[Start of Attachment]

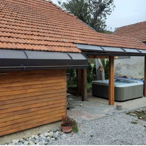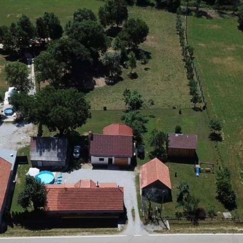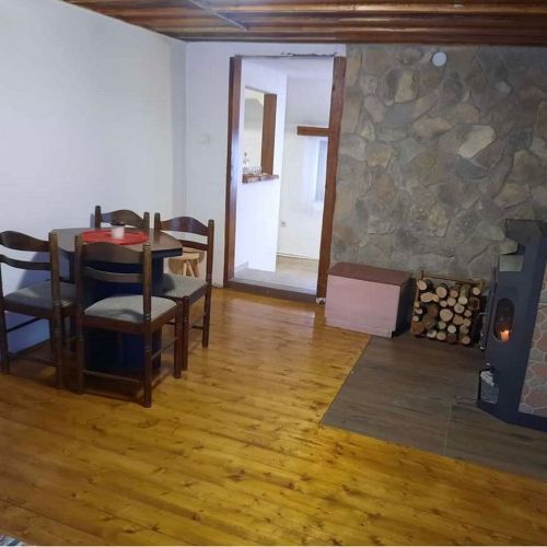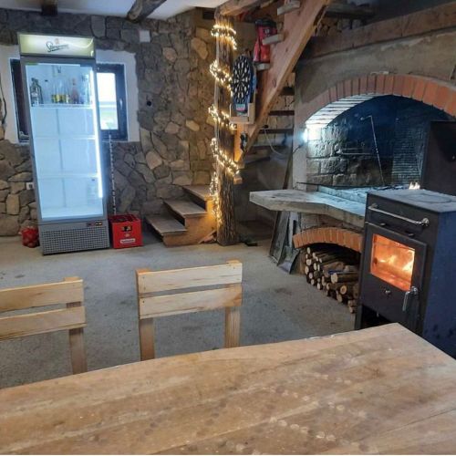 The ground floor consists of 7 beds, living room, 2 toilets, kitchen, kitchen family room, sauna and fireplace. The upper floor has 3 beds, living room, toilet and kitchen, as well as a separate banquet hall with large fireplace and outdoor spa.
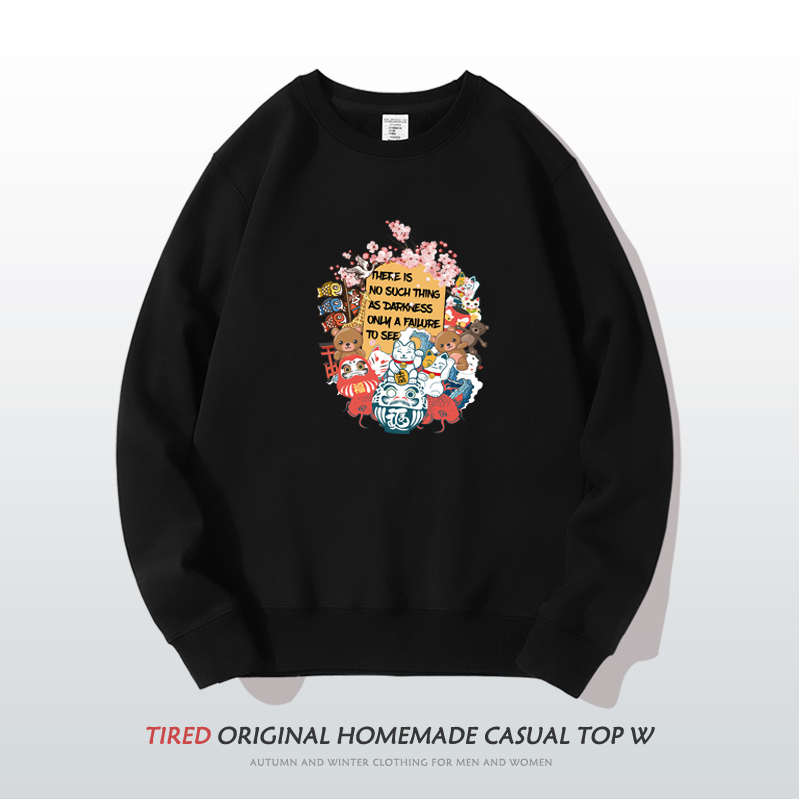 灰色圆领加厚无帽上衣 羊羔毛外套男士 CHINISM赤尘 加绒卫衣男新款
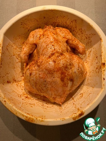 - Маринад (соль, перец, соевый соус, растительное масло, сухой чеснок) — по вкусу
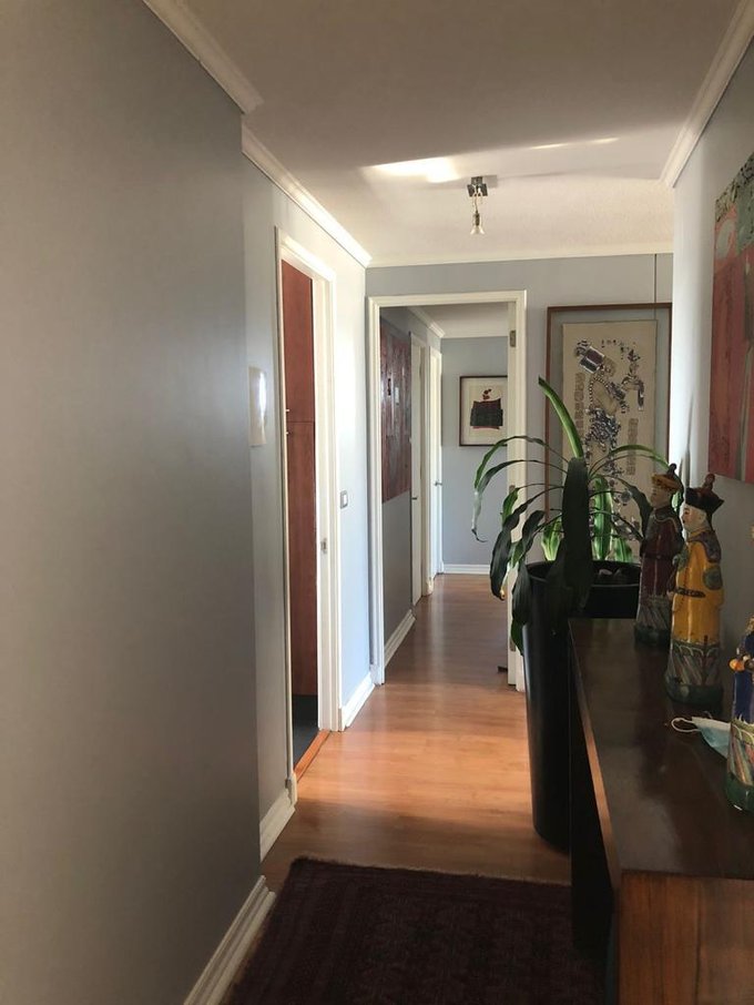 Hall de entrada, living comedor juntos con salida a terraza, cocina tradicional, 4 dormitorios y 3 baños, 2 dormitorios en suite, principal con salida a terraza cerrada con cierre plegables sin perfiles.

[End of Attachment]
[Start of Attachment]

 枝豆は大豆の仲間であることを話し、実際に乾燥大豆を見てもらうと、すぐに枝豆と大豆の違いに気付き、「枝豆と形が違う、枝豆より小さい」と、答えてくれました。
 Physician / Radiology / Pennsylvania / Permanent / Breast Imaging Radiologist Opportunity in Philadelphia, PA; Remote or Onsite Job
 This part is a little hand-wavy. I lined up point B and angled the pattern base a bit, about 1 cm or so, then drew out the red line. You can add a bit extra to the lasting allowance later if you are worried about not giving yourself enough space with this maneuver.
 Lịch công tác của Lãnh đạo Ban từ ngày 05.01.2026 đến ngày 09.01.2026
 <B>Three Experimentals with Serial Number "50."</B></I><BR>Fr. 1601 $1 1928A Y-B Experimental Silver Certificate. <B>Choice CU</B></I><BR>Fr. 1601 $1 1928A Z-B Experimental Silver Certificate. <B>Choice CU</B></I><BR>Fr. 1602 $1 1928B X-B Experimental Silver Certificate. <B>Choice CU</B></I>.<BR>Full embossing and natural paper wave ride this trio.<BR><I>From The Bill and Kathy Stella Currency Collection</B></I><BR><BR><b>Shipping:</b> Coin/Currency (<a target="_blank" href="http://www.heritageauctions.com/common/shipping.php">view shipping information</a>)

[End of Attachment]
[Start of Attachment]

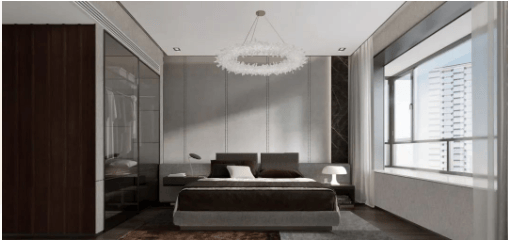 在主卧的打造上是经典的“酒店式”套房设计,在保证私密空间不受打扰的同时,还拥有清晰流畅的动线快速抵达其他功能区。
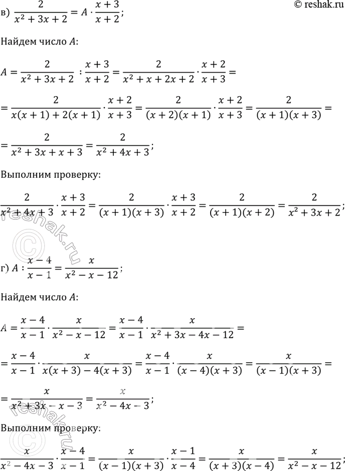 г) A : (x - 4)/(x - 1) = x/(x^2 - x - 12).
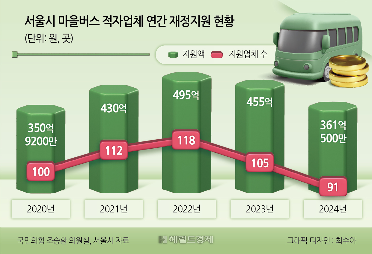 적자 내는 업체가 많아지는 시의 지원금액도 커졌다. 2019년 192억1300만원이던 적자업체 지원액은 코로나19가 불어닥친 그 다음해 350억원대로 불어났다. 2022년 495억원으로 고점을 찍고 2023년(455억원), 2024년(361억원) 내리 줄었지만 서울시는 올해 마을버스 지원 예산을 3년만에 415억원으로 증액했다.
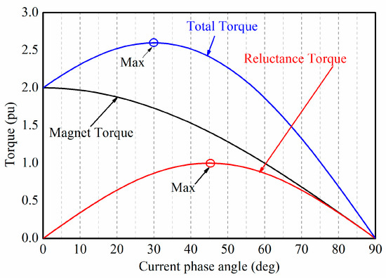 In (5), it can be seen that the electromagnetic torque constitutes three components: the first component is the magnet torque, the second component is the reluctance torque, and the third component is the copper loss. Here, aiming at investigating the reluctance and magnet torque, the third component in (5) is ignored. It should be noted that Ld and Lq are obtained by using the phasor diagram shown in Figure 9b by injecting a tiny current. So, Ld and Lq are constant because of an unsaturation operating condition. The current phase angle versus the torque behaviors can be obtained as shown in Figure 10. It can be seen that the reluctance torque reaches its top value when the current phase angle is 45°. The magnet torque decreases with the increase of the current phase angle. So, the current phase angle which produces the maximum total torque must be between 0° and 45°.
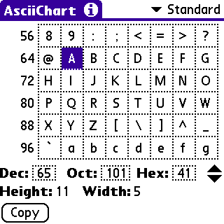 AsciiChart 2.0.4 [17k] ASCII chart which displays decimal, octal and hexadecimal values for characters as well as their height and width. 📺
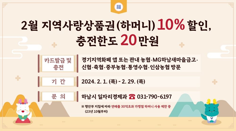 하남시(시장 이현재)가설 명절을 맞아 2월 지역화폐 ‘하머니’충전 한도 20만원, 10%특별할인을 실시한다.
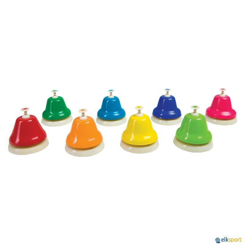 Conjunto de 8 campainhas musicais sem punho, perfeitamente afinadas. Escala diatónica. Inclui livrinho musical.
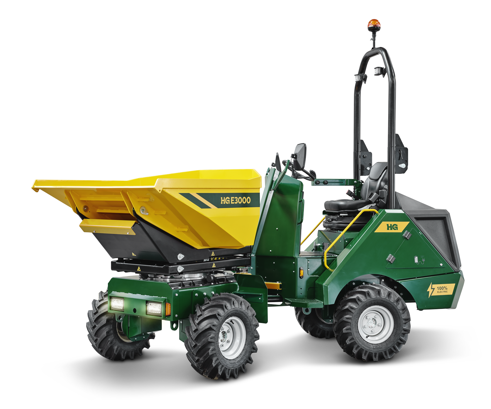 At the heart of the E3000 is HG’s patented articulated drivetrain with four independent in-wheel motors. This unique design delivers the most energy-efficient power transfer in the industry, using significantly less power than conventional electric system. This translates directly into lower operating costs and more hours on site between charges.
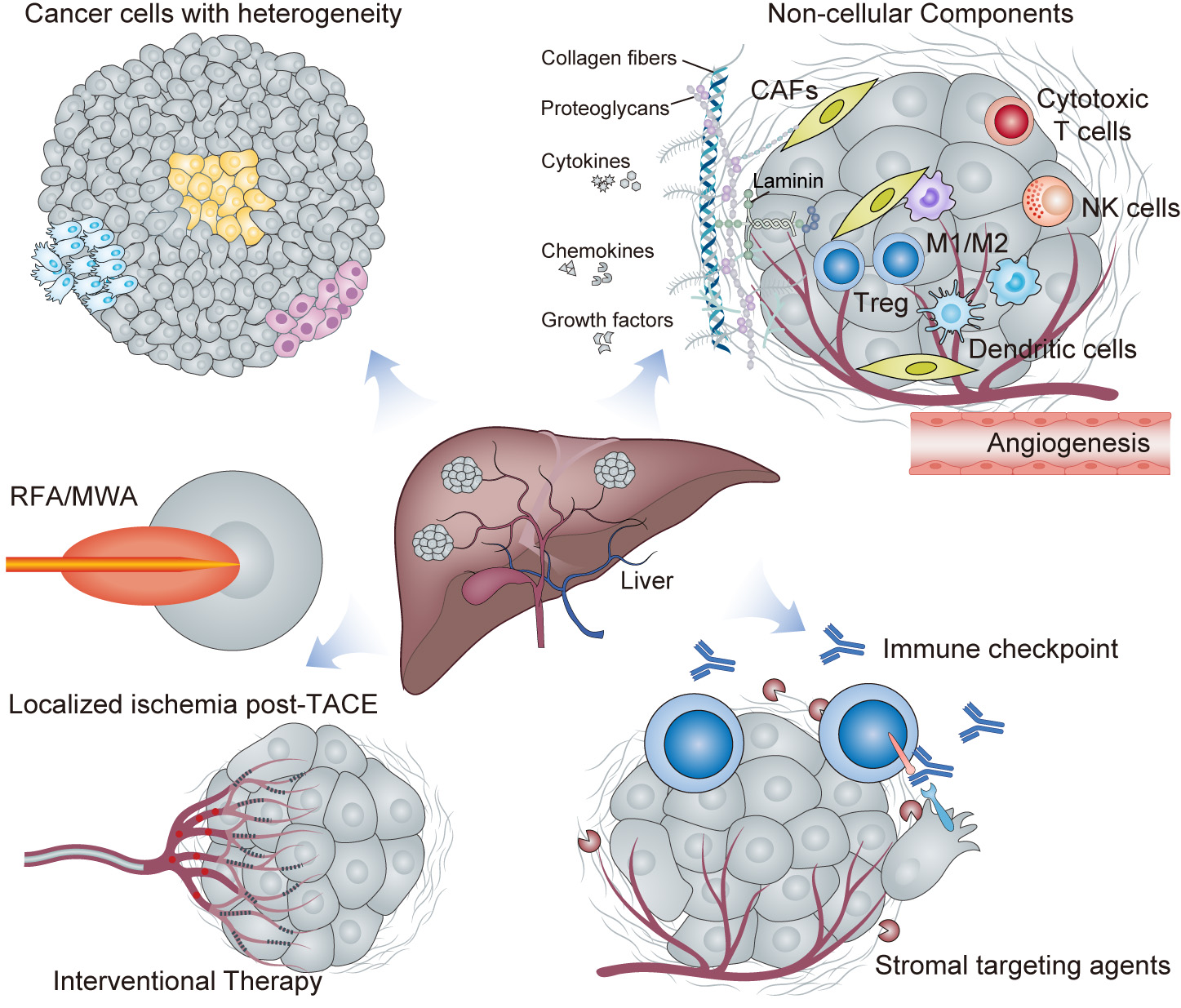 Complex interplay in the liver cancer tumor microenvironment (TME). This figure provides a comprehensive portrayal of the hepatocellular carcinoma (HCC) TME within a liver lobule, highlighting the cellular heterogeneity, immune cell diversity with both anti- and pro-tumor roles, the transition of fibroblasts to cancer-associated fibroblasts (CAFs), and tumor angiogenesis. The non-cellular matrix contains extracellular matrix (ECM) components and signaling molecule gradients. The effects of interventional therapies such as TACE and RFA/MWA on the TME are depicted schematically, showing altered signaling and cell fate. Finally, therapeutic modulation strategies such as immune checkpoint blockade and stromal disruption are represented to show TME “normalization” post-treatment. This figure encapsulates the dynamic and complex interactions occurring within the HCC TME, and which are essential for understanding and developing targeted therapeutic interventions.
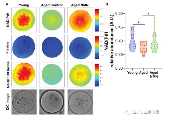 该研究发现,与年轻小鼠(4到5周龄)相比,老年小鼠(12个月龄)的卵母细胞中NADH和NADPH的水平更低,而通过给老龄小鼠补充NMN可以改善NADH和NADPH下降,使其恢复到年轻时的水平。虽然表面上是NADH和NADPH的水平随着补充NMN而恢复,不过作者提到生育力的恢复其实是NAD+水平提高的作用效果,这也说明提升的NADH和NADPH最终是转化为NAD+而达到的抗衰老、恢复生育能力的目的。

[End of Attachment]

In the listing above, find the line containing "The ground floor" and the line containing "Hall de entrada, living", then write out both of them and every line between, exactly, with no pictures.

- **RESPONSE TO THIS EXERCISE**
 The ground floor consists of 7 beds, living room, 2 toilets, kitchen, kitchen family room, sauna and fireplace. The upper floor has 3 beds, living room, toilet and kitchen, as well as a separate banquet hall with large fireplace and outdoor spa.
 灰色圆领加厚无帽上衣 羊羔毛外套男士 CHINISM赤尘 加绒卫衣男新款
 - Маринад (соль, перец, соевый соус, растительное масло, сухой чеснок) — по вкусу
 Hall de entrada, living comedor juntos con salida a terraza, cocina tradicional, 4 dormitorios y 3 baños, 2 dormitorios en suite, principal con salida a terraza cerrada con cierre plegables sin perfiles.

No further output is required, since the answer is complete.